# X locks with kernel 3.1

## hedmo

after i updated to 3.1.x .X locks  hard.it is starting and i can move the mouse but after some sec..

it locks.i can not find any wrong=xorg.log etc.. i have even used a ssh tunnel to see if i find any thing but no  :Mad: 

where shall i start  :Question: 

----------

## DONAHUE

as 3.1 is not in stable or testing branch nor released by kernel.org you should probably file a bug at kernel.org and/or X.org and/or retreat to a stable or testing or at least a released kernel.

----------

## hedmo

DONAHUE wrote:

as 3.1 is not in stable or testing branch nor released by kernel.org 

and gentoo has it in portage   :Laughing: 

mybox hedmo # emerge -av mm-sources

 * IMPORTANT: 5 news items need reading for repository 'gentoo'.

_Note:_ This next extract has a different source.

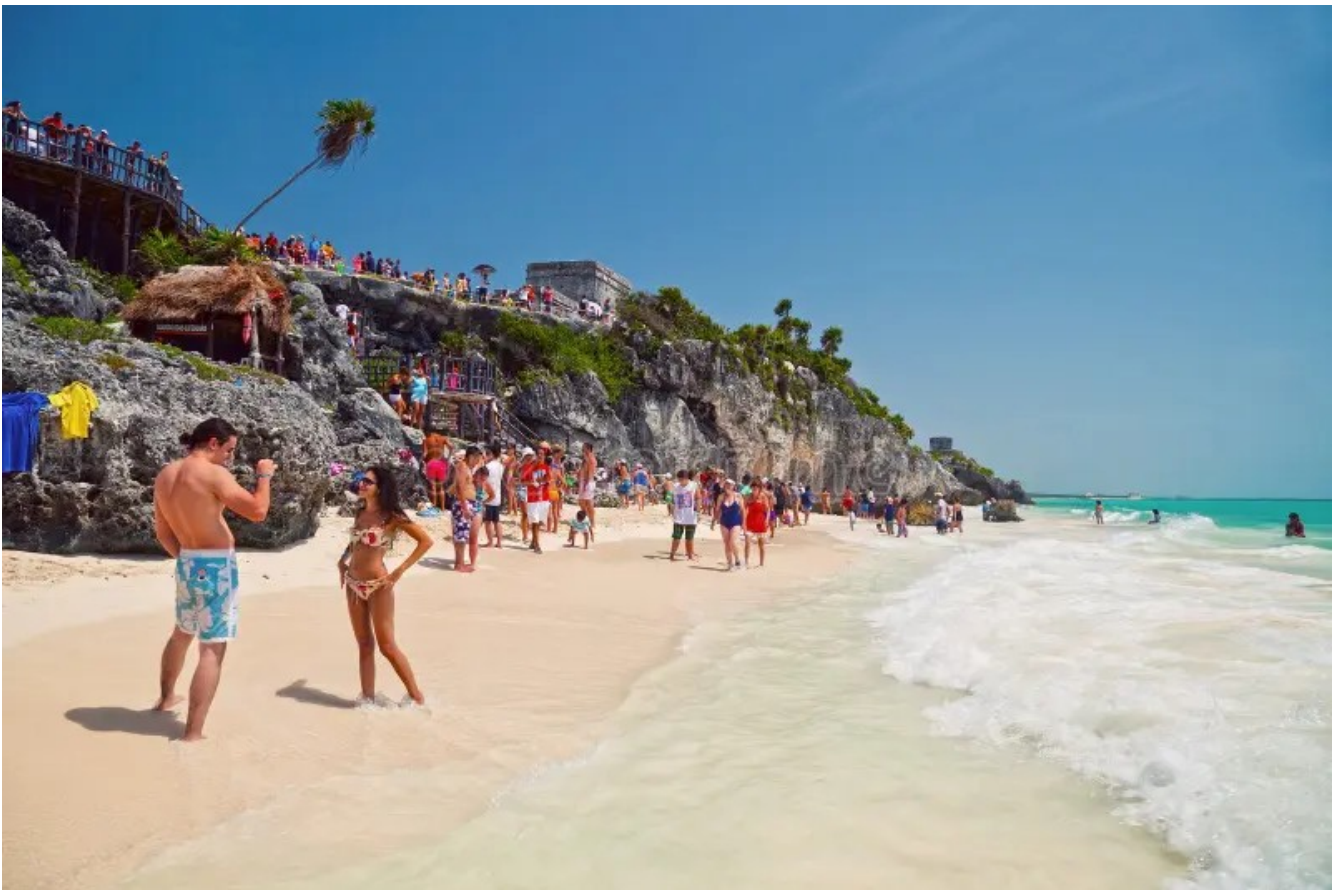
Figura 5.1. Playas colindantes con la zona arqueológica de Tulum cabecera municipal durante Semana Santa 2025.

Las playas del municipio de Tulum suelen tener mayor afluencia de personas durante los últimos días de Semana Santa, especialmente de turistas nacionales debido a los días libres que habitualmente dan a los trabajadores, también debido a que niños y adolescentes tienen entre una y dos semanas de vacaciones.

 * Use eselect news to read news items.

These are the packages that would be merged, in order:

Calculating dependencies... done!

[ebuild     U  ] sys-kernel/mm-sources-3.1_rc3 [3.0] USE="-build -symlink" 0 kB

Total: 1 package (1 upgrade), Size of downloads: 0 kB

Would you like to merge these packages? [Yes/No] n

Quitting.

 * IMPORTANT: 5 news items need reading for repository 'gentoo'.

 * Use eselect news to read news items.

mybox hedmo # 

buy okej DONAHUE i will report a bug

----------

## DONAHUE

git-sources-3.1_rc4-r2 is what i was looking at. mm-sources is new to me.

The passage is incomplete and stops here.